The Washington Post Co., a bastion of journalistic excellence, wants to sell Newsweek because the magazine keeps losing money.

This development illustrates why some proposals for preserving first-class newspapers and magazines are unlikely to succeed.

The company has owned Newsweek since 1961. The company's record of journalistic excellence rests on reporting in both the Washington Post newspaper and in Newsweek.  Despite this fact, the Post Co. has for years not relied on either publication to ensure its economic survival.

The majority of revenue at the Post Co. comes from the educational testing giant Kaplan. The long-term decline in print advertising revenues has forced the company to use Kaplan's earnings to offset losses from the continued operation of Newsweek and the Post newspaper. This could not be sustained, so the Post is now forced to try and sell Newsweek.

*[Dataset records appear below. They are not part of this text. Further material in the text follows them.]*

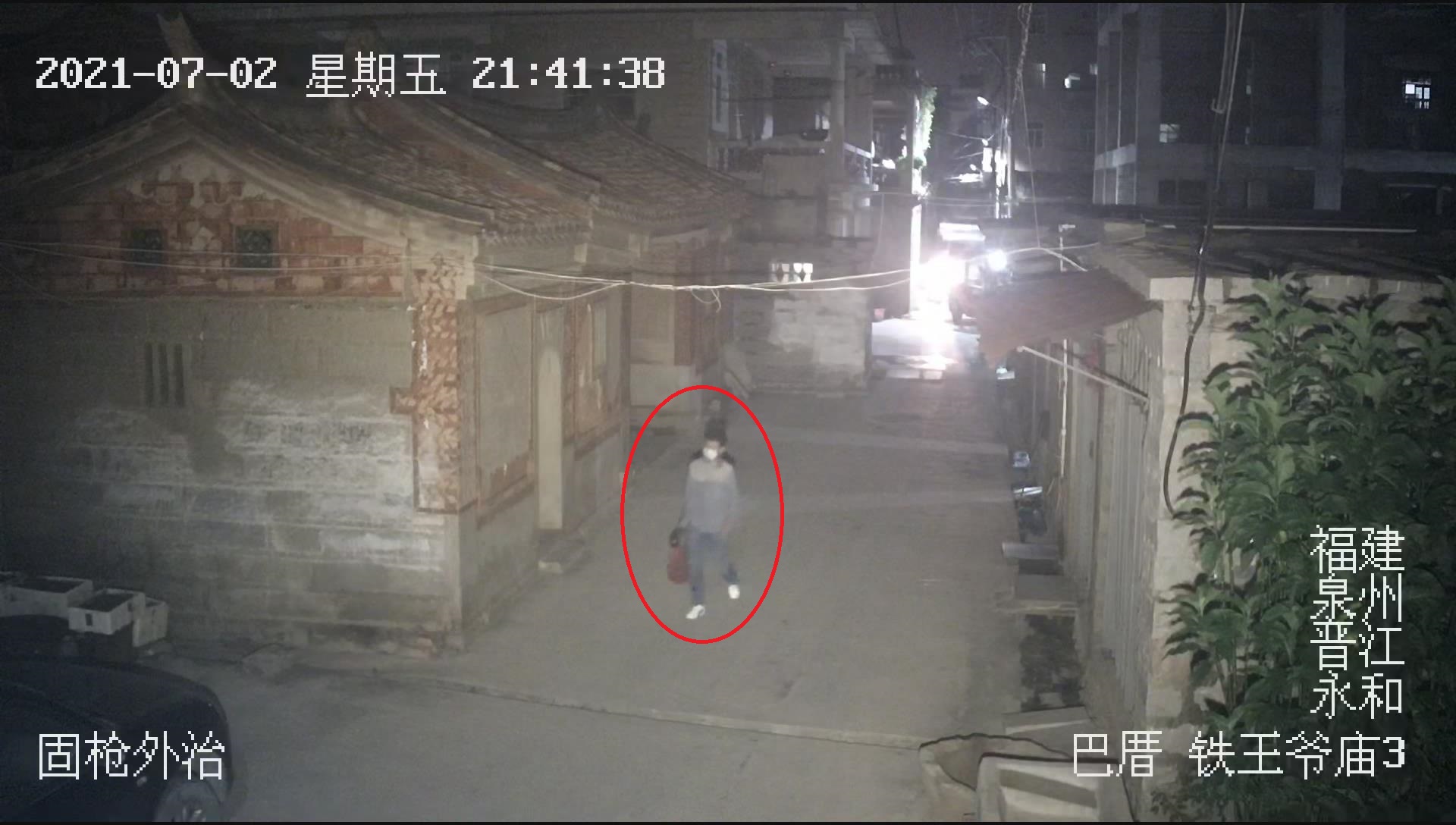 当晚9时许,苏某再次出现在监控探头里,手上提着一袋东西。
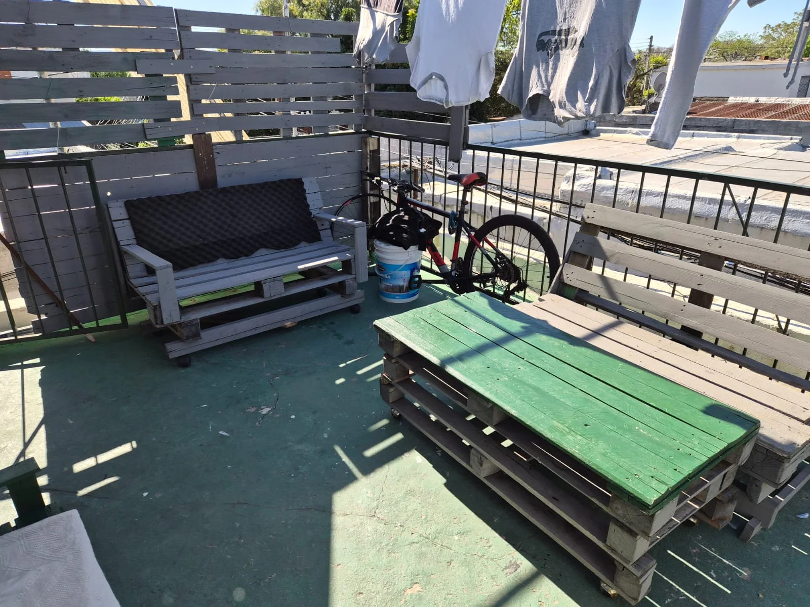 La propiedad cuenta con parrillero en la azotea, brindando espacio adicional para reuniones o actividades al aire libre. El baño presenta lavabo, inodoro y sector para lavarropas. La cocina se encuentra equipada con mueble bajo mesada, pileta y espacio para cocina y heladera.
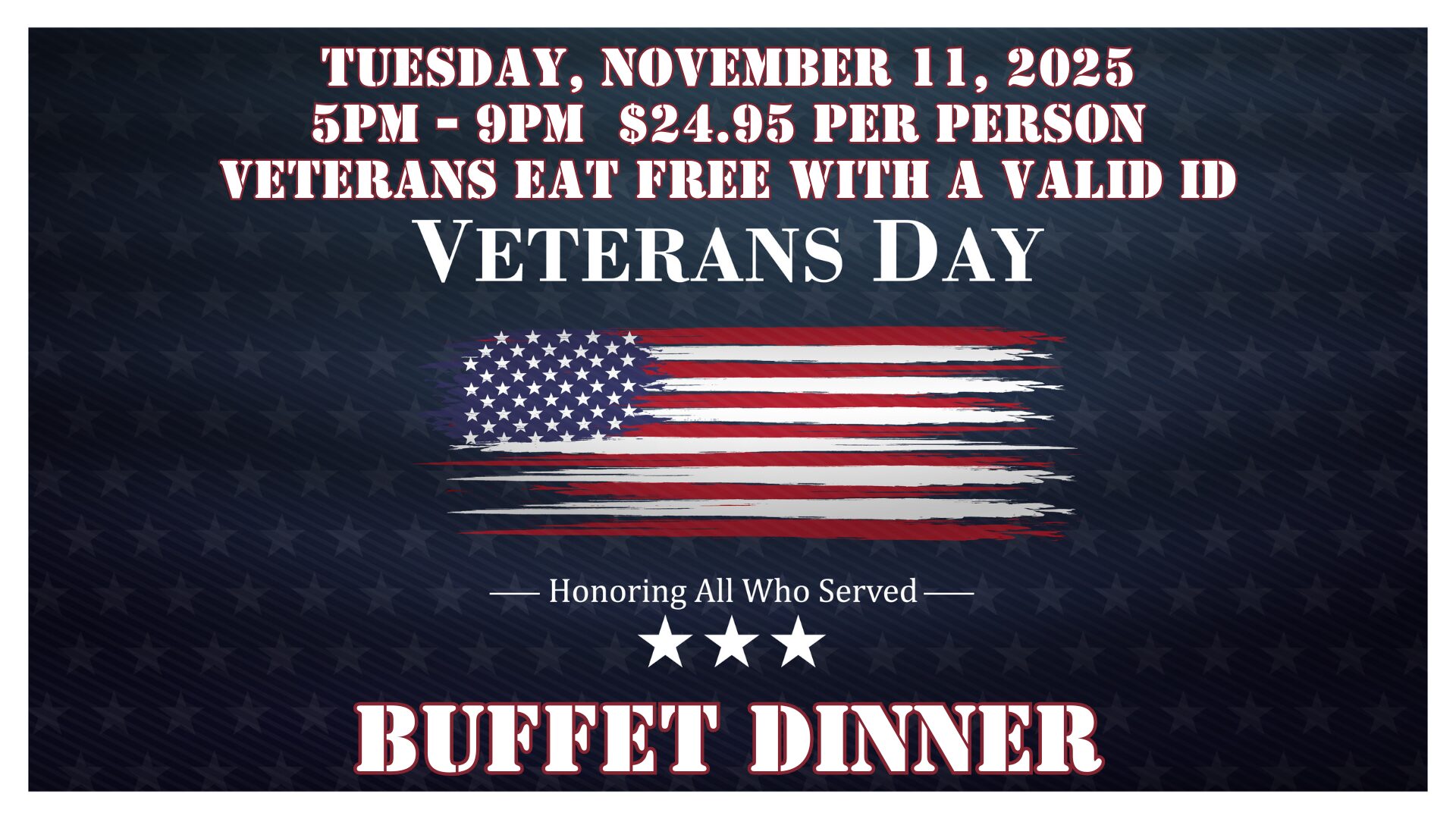 Join us in Cypress Grill for a special Veterans Day Dinner on Tuesday, November 11, 2025 from 5pm – 9pm. Cost of the buffet dinner is $24.95 per person. Veterans eat free with valid ID.

What does this mean for other journalistic organizations?

First, Newsweek has tried to adapt to the digital world where a week's delay publishing news or commentary is far too long to satisfy audiences. This report says Newsweek's "digital side" generated just $8 million last year, too little to pay for the magazine's production.

The cost of producing print newspapers and magazines is relatively high.  But advertising revenue per reader in print is also relatively high.  The cost of producing digital news is much lower, but ad revenue per reader is much, much smaller than print revenue. Print journalism organizations face the problem of transitioning from high-cost high-revenue markets where audiences are still sizable, but stagnant, to low-revenue markets where audiences are growing.

Newsweek probably had unusual support for making this transition because the Post Co. is controlled by the Graham family, which has a commitment to journalism.  The family was probably more willing than other Post Co. stockholders to subsidize losses at Newsweek while trying to make the transition work.

But in the end, no company can afford to keep losing money in one division and subsidize the losses with profits from another division. At some point, the company's ability sustain itself will be questioned.

So the second lesson is that suggestions for subsidizing journalism -- with profit-making parts of a company, with donors or endowments, or with government funds -- ignore a fundamental economic reality. Journalism that cannot sustain itself economically will always be at risk of economic failure.